Interestingly, the task condition possibly requiring the highest level of integration (SFM coherence) was the one associated with the most dramatic loss of synchrony. This suggests a dependence on visual complexity and integration requirements and is in line with the proposal that perception requires mechanisms for integration and feature binding that rely on the neuronal synchrony (Hipp et al., 2011; Engel et al., 2001; Varela et al., 2001). Moreover, effects were more prominent for all dynamic conditions. This also suggests that this effect was more closely related to motion processing rather than gestalt perception per se, although it is worth pointing out that motion perception implies path integration and analysis of dot motion coherence. Accordingly, motion perception requires spatiotemporal correlation and is often impaired in syndromes associated with a reduction of perceptual coherence. Finally, influential theoretical models postulate correlation-based motion detection (Reichardt correlation or coincidence detection models; Reichardt, 1987).

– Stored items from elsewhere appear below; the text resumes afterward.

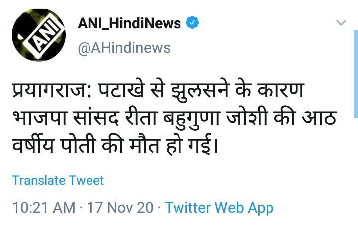 मिळालेल्या माहितीनुसार, भाजप खासदार रीता जोशी यांचा मुलगा मयंक जोशी यांची सहा वर्षांची मुलगी दिवाळीत फटाके फोडत होती. फटाके पेटवताना तिच्या कपड्यांनी पेट घेतला आणि यामध्ये ती गंभीररित्या जखमी झाली. त्यामुळे लगेचच तिला उपचारासाठी स्थानिक रुग्णालयात दाखल करण्यात आले. त्यावेळी डॉक्टरांनी सांगितले की या अपघातात तिचे शरीर 60% भाजले आहे. त्यामुळे उपचारासाठी दिल्लीला हलवण्याचा सल्ला दिला. मात्र दिल्लीत उपचारादरम्यान या चिमुकलीचा मंगळवारी सकाळी मृत्यू झाला.
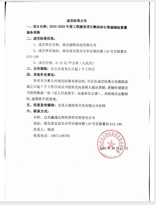2024-2025年度工程建設(shè)項(xiàng)目剩余砂石資源測繪算量服務(wù)采購成交公告
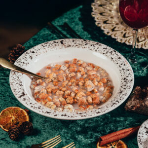 Tradicinė šv. Kūčių vakarienė sudaryta 12 patiekalų, paruošta 2 asmenims.
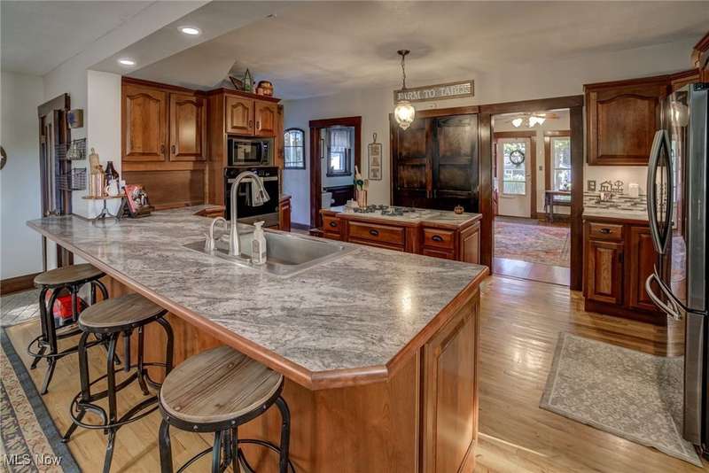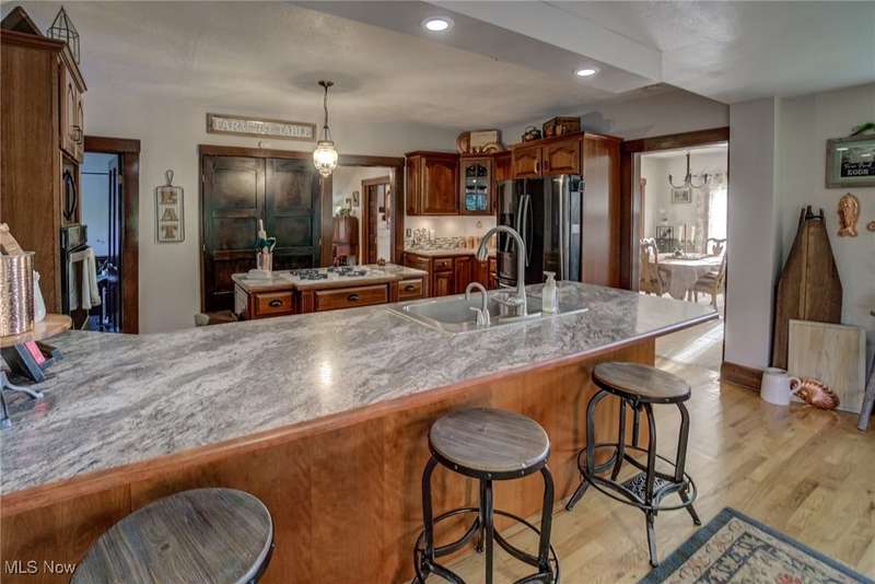 Enchanting Victorian farmhouse, situated on a sprawling 1.8-acre, fully fenced, double lot! This utterly charming home and property has undergone quite a few updates in the last two years! The seller fenced in the entire yard, added a chicken coop with run, ?updated and stained the deck, replaced appliances, and updated the beautiful full bath! It's important to note that there is room to turn the first floor powder into a full bath, where there is currently laundry. With a spacious interior layout & abundant outdoor living space, this home offers a true storybook experience. Just imagine waking up to let the chickens out, grabbing some eggs, and enjoying your coffee while you look out over the grounds. This stunning Victorian offers almost 3000 sq feet of living space, including 3 bedrooms, 1.5 baths, & a walkout basement. There is a formal front entrance & an informal side entrance into a beautiful foyer, which opens directly into the kitchen. The eat-in kitchen is adorned with new stainless appliances, cherry cabinets, and new pantry for ample storage. This space is incredibly cozy with an inviting, open dining area. The dining & living room enjoy an abundance of natural light, a wood-burning fireplace, and beautiful wooden pocket doors at the staircase. This is one of two staircases, making for a natural flow through the home. Upstairs you'll find 3 generously and similarly sized bedrooms, along with a newly updated, full bath!. This home is a testament to the joy of living there, and the care the owners have taken over the years. It features other recent additions such as a 4-car tandem garage (24x40, 2018), windows(2021), roof(2018), HWT(2019), & two-tier deck(2022) that overlooks the lush landscape. With a shed, picnic area, & a multitude of upgrades, this home embodies a harmonious blend of old-world charm and modern convenience. Don't miss the chance to make this dream a reality.
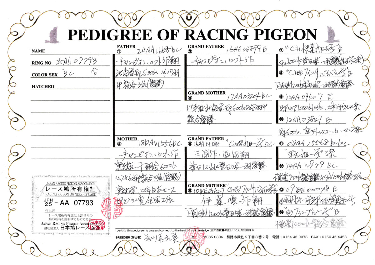 出品鳩12番「25AA07793 BC」チャンピオンL作 RG総合3位(CHクインサバイバル直仔×RG総合優勝)×(旭一号×クインサバイバル号) ![]() |
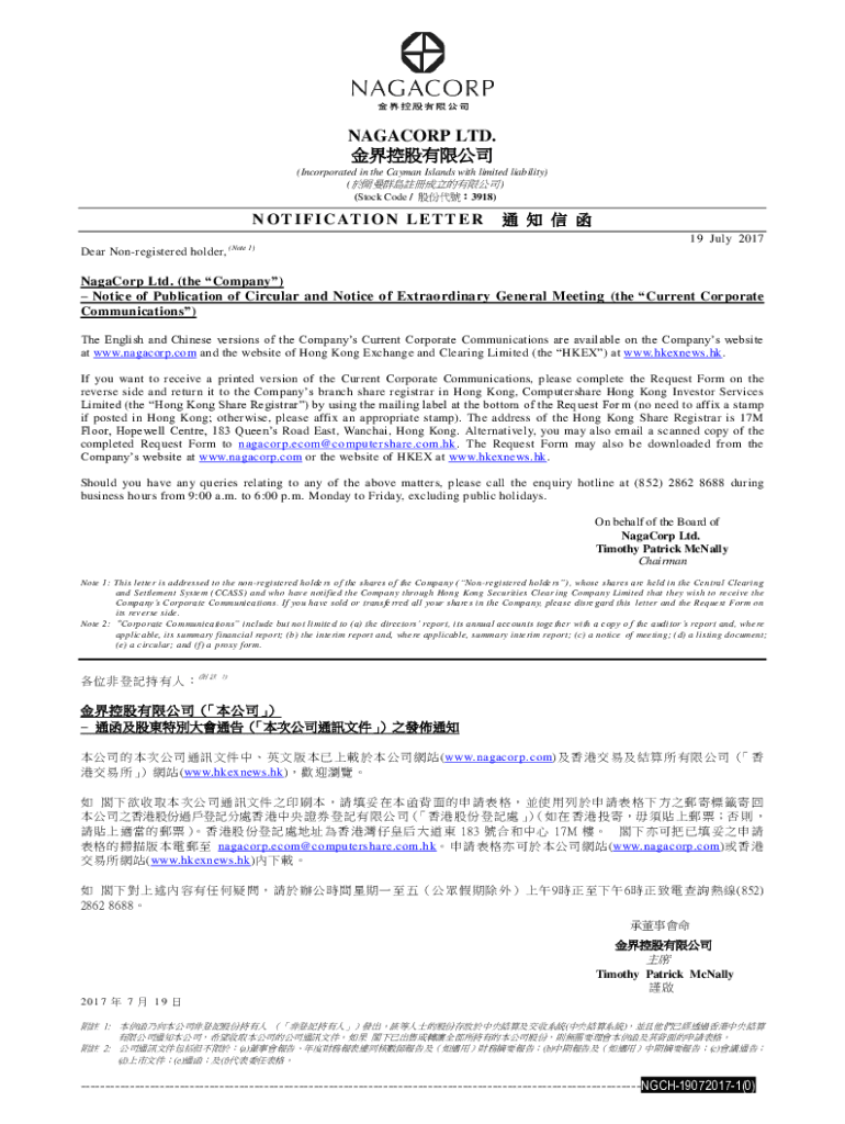Get the free Nagacorp : SUPPLEMENTAL CIRCULAR IN RELATION TO THE ...
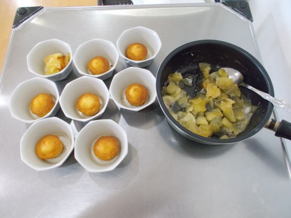 今回は「りんご煮、マフィンに乗せて」です(笑)
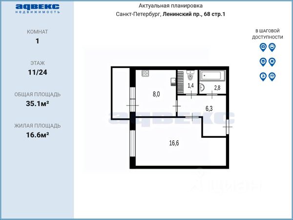 • ✓ В базе Циан 2 1-комнатных квартир с дизайнерским ремонтом на проспекте Кузнецова в Санкт-Петербурге
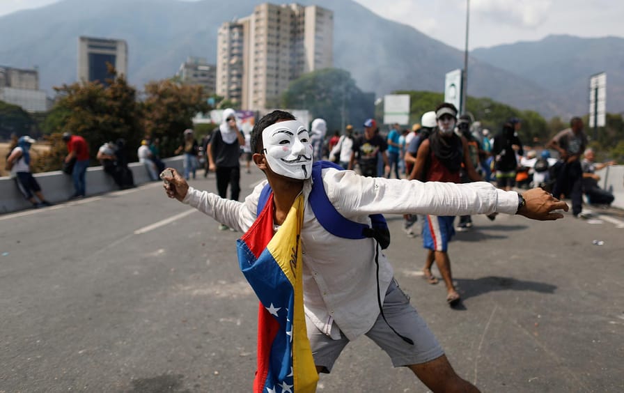 Hooded protesters hurl rocks and other projectiles toward soldiers loyal to Maduro, who force them back with tear gas. The smoke wafts into the crowds, and people stampede back up the street, screaming and covering their faces.
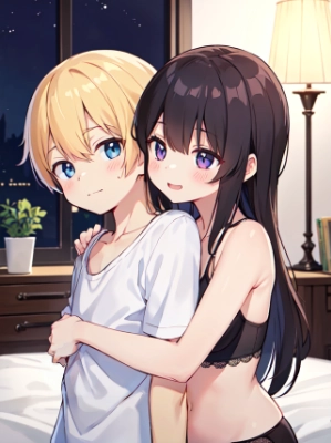 (hug, hold:1.2), (happy, pleasure, satisfied, love), upper body, indoor, cute roomwear, chichiawase,
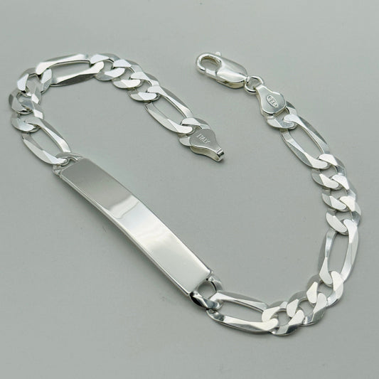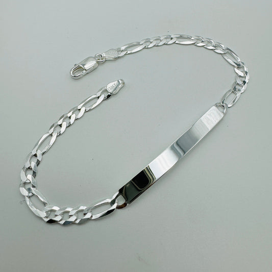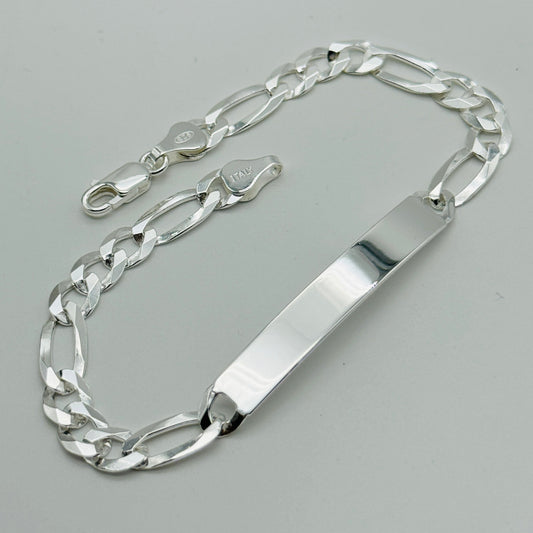 925 Sterling Silver 7mm Figaro ID Bracelet 8 Inch
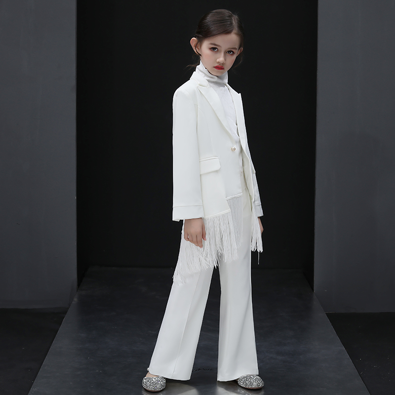 Girl Gown Dress Children Model Walking Show Wave Clothes Little Girl Fashion Suit Suit Hosting West Suit Foreign Evening Dress
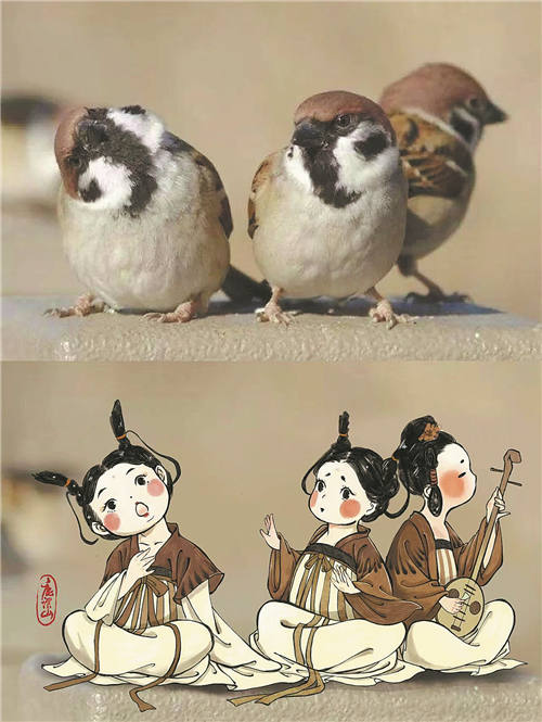 Comparaciones de pájaros con las obras de arte de Liu basadas en los personajes que inspiran. [Foto proporcionada a China Daily]
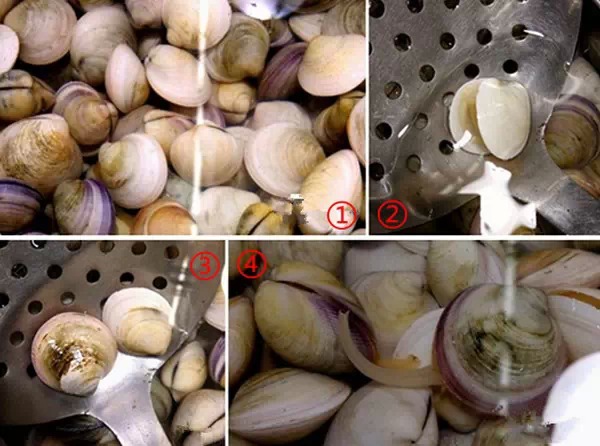 ②不要以为选开口的蛤蜊就是活的,大错特错!在水里开口的蛤蜊,可能已经死了很久了!
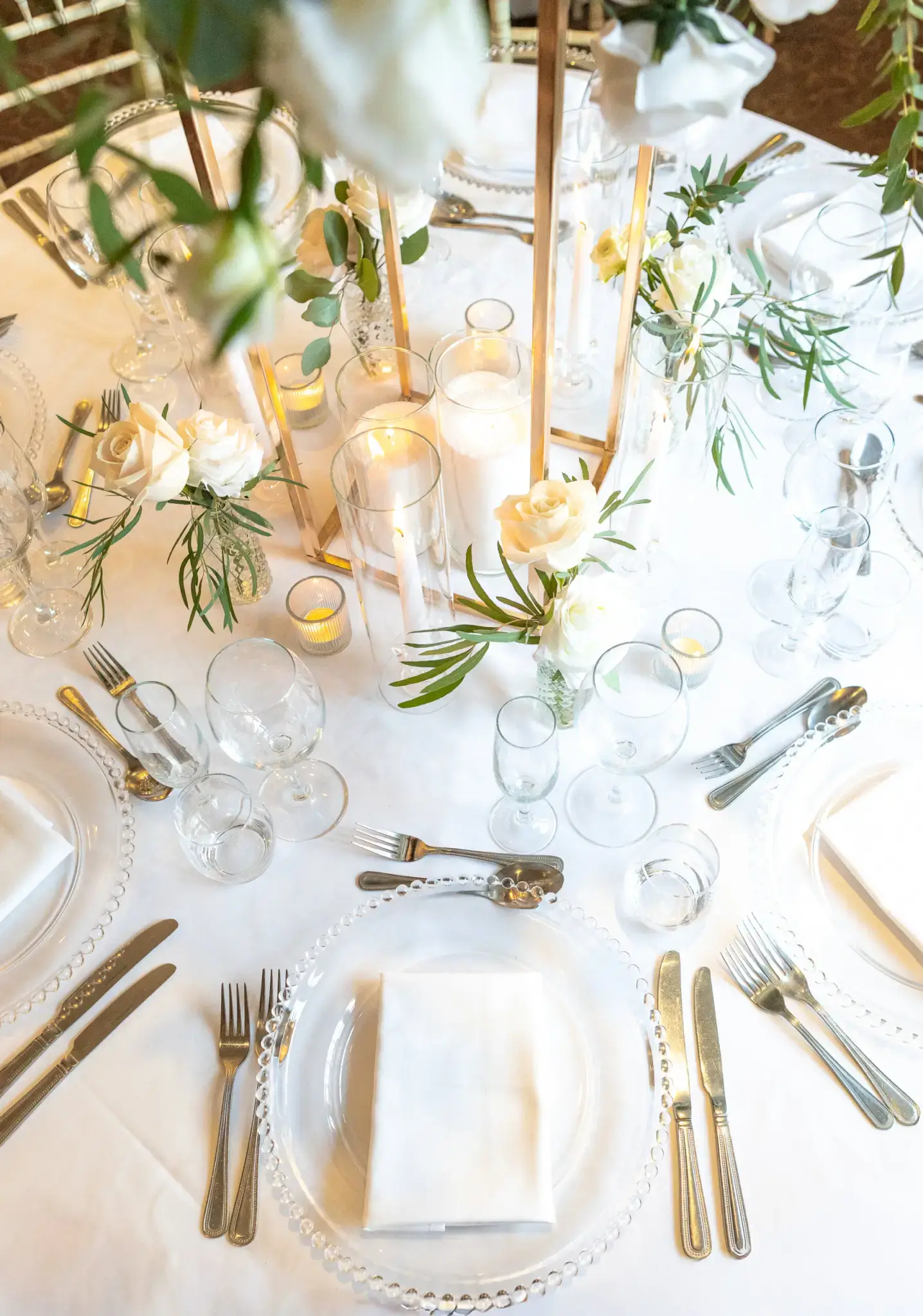 • Crisp white table linen

Previous studies in WS did not address synchrony and used a much more restricted set of paradigms (Bernardino et al., 2013; Grice et al., 2001). It is known that coherent visual motion induces high-frequency gamma oscillatory activity (Müller, Junghöfer, Elbert, & Rochstroh, 1997) in parieto-occipital regions of the visual dorsal stream (Gruber, Müller, Keil, & Elbert, 1999). On the other hand, a recent report showed that the gamma-band does not index visual form-motion integration but the beta band does, suggesting that multiple bands with different functional significance have to be considered (Aissani, Martinerie, Yahia-Cherif, Paradis, & Lorenceau, 2014). However, this was an MEG study, and the frequency ranges reported (55–85 Hz) are distinct from the significant ones reported here (25–45 Hz), for which we showed a clear role in perceptual decision in a previous article (Castelhano et al., 2014). Sun et al. (2012) found reductions of both gamma amplitude (up to 150 Hz) and phase-locking in ASD. They did not observe the dissociation reported here, which is in line with the notion that power variations may show increases or decreases that may or may not covary. In our study, we could show that they are dissociable and that low-frequency gamma activity reflects integration of dynamic information based on gamma synchrony irrespective of changes of amplitude. This provides an intriguing link to dorsal stream functions, which have been implicated in the analysis of motion and spatial relationships between objects (Ungerleider & Haxby, 1994; Mishkin, Ungerleider, & Macko, 1983). Our findings extend the notion that gamma-band activity serves an important role in a variety of processes (in particular feature integration) reflecting distinct mechanisms (Sedley & Cunningham, 2013; Tallon-Baudry, 2003) and that different activity patterns for particular gamma subbands may have different roles and sources within the gamma frequency range (see, e.g., Castelhano et al., 2014; Bernardino et al., 2013; Sedley & Cunningham, 2013; Herrmann & Kaiser, 2011; Gruber, Martinovic, & Muller, 2008). It is worth pointing out that other effects might have been missed due to the low-sample size, which may have reduced our statistical power. The decision of dividing EEG channels into clusters is also a limitation of this study.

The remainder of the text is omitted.